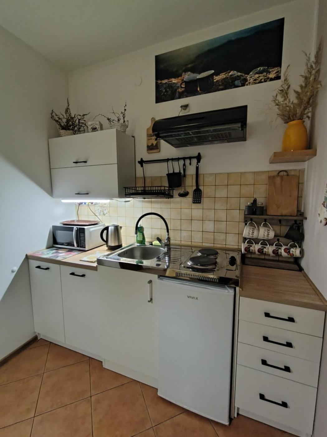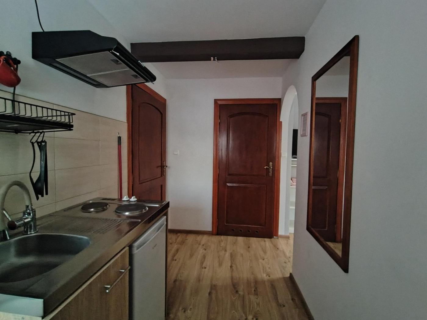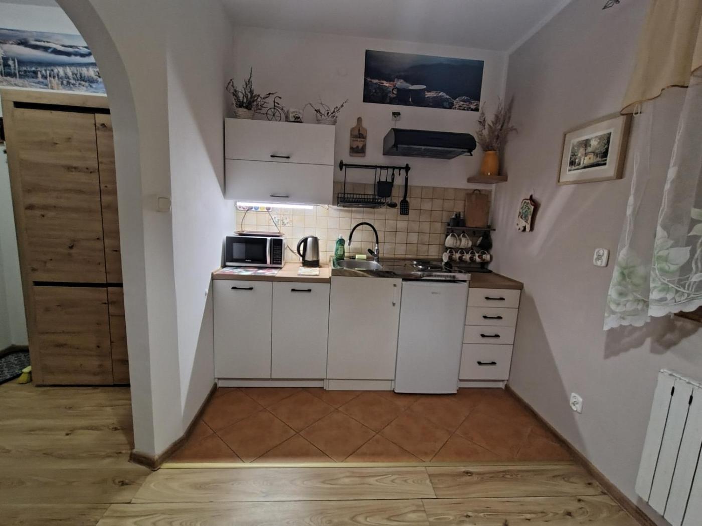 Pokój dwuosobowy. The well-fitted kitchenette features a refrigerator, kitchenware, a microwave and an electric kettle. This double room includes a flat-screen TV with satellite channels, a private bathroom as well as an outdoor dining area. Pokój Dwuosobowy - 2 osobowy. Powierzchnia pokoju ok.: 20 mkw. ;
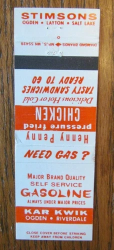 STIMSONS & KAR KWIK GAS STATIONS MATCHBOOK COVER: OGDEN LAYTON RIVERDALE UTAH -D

--

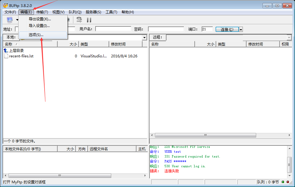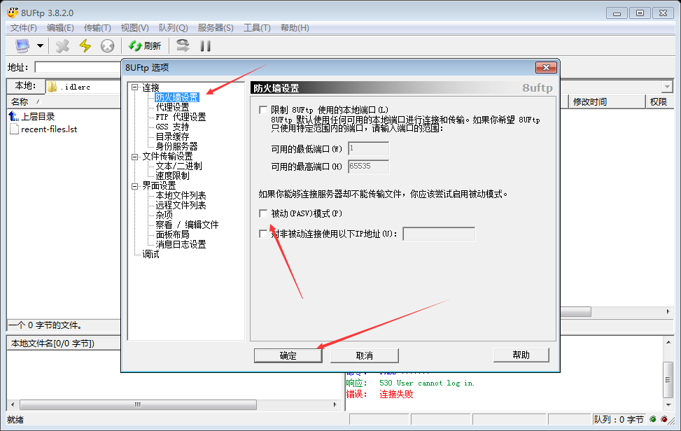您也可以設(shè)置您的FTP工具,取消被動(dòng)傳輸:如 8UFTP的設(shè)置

- _WHAT YOU SHOULD DO_:
Look back over the records above. Reproduce exactly everything from the line with "Pokój dwuosobowy. The" down to the line with "STIMSONS & KAR", inclusive, and leave the pictures out.

- _EXPECTED OUTPUT_:
 Pokój dwuosobowy. The well-fitted kitchenette features a refrigerator, kitchenware, a microwave and an electric kettle. This double room includes a flat-screen TV with satellite channels, a private bathroom as well as an outdoor dining area. Pokój Dwuosobowy - 2 osobowy. Powierzchnia pokoju ok.: 20 mkw. ;
 STIMSONS & KAR KWIK GAS STATIONS MATCHBOOK COVER: OGDEN LAYTON RIVERDALE UTAH -D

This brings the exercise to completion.